This requires an intermediate representation, or IR. The system needs to build an internal model of the document that it can both read from (for the AI to analyse) and write to (to apply the AI's suggestions). Building a good IR for .docx files is genuinely hard engineering. Get it wrong and you end up with documents that look corrupted when opened in Word, or tracked changes that don't display properly, or formatting that subtly shifts in ways that make lawyers nervous.

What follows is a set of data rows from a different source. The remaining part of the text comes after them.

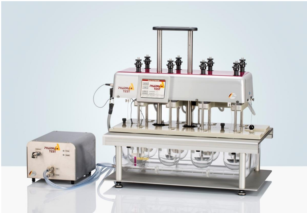
PTWS 820D 8-position Dissolution Tester

The PTWS 820D is an 8 position, single drive compact tablet dissolution testing instrument for solid dosage forms as described in USP chapter <711/724> and EP section <2.9.3/4> as well as the DAB and Japanese Pharmacopeia section <15>.
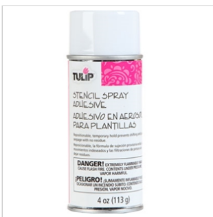
Tulip® Stencil Spray Adhesive (32357)
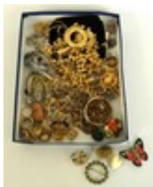
Lot: 37 ASSORTMENT OF COSTUME JEWELLERY including various gold effect necklaces, earrings, bracelets and a variety of different brooches, etc Estimate: £30.00 - £40.00
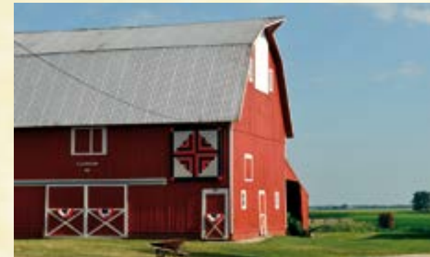
Riordan Family Farm, 15205 W. State Route 17, Reddick
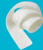
Biatain® Alginate Ag
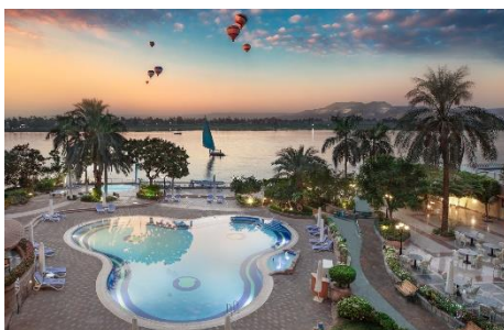
Steigenberger Nile Palace with hotel jetty and panoramic view of the Nile
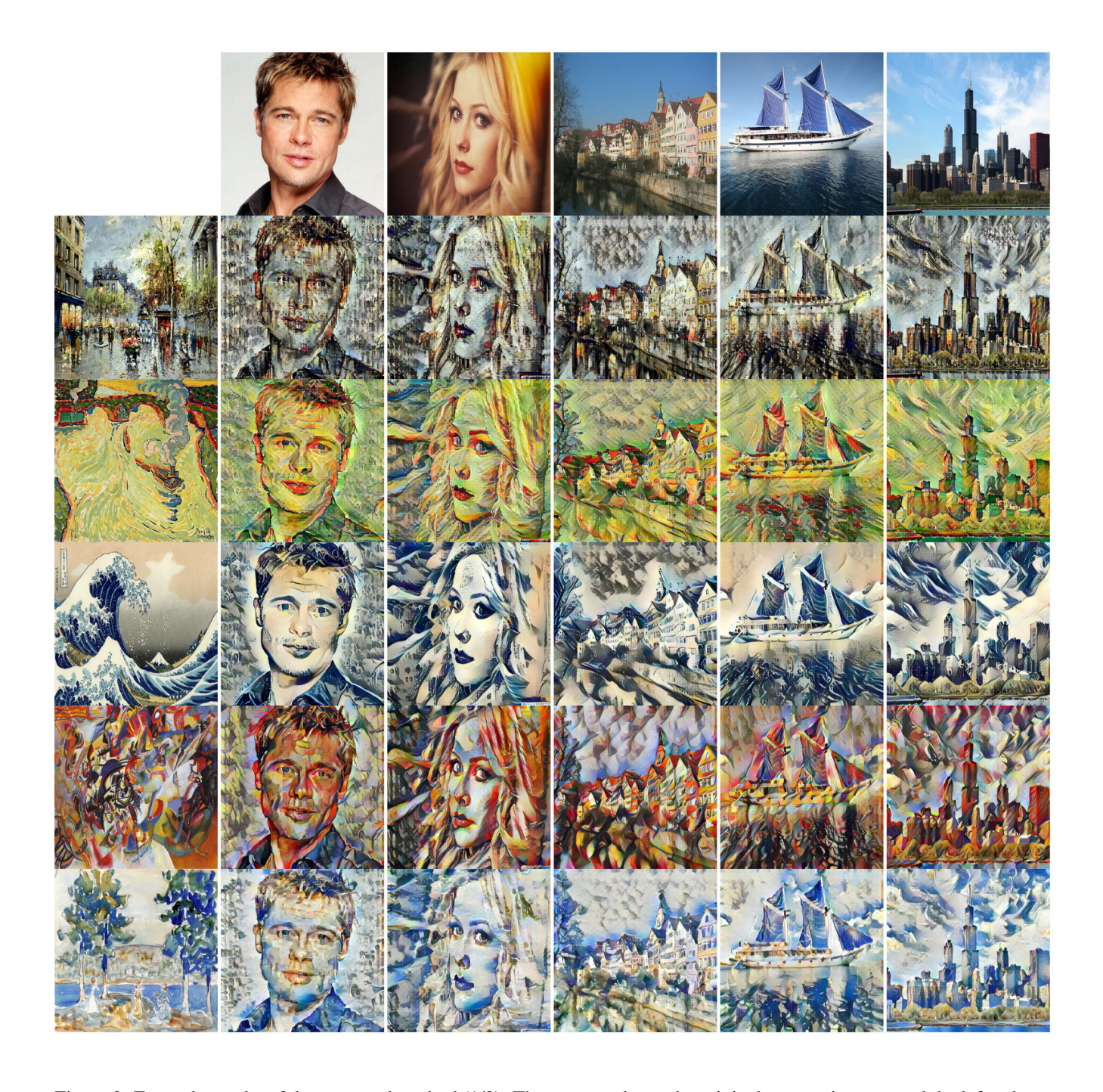
Figure 3: Example results of the proposed method (1/3). The top row shows the original content images, and the left column shows the original style images.
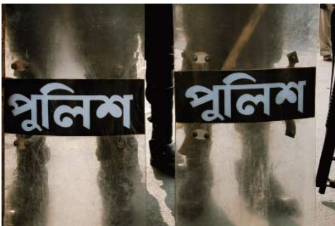
Police No English

These are men at the Islamist rally, whose photographs open Naeem Mohaiemen's vivid, colorful, smart show. Mohaiemen's pictures are from one day, which opens with an Islamist rally that spills out of the mosques and onto the streets. They have their own demands, equal parts anti-imperialist and pro- Quranic . As the afternoon moves in, and the sun provides the kind of languid afternoon well known in both West Bengal and Bangladesh, the leftists move to the streets, unfurling the
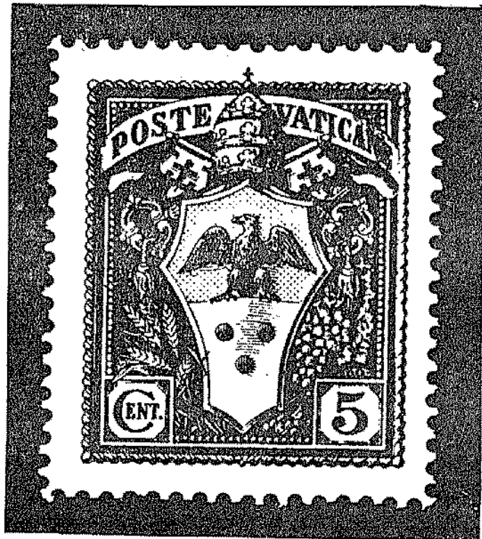
Arms of Pius XI A14

First Day of Issue: May 31, 1933 Last Day of Validity: #42 & #51-54 December 31, 1940 #43-50 & #56-59 February 28, 1947 Designer: #43-50 & #58-59 F. Schirnbock #42 & #51-57 Enrico Federici Printer: State Printing Office, Rome Printing: Unknown Printing Method: Engraved Engraver: Unknown Watermark: Crossed Keys Perforation: Block perforated 14 Stamps per Pane: #42-50 100 stamps #51-59 50 stamps Type of Issue: Regular

This is a problem that tools like SuperDoc (an open-source document editing library) are specifically designed to solve. SuperDoc works with the .docx format natively rather than converting to HTML and back, which means it can open a contract, let an AI make changes programmatically, and export a redlined .docx with proper tracked changes, without mangling the underlying document structure. It runs headless (no user interface required), so an AI agent can use it as part of an automated pipeline: open contract, apply AI suggestions as tracked changes, export the result for a lawyer to review in Word.

The point isn't to promote any particular tool. It's to make visible a layer of complexity that most discussions about AI contract review skip entirely. The gap between "the AI identified an issue" and "here's a properly redlined Word document you can send to the counterparty" is wider than it appears, and the quality of the engineering at this layer directly affects whether the output is something a lawyer can actually use.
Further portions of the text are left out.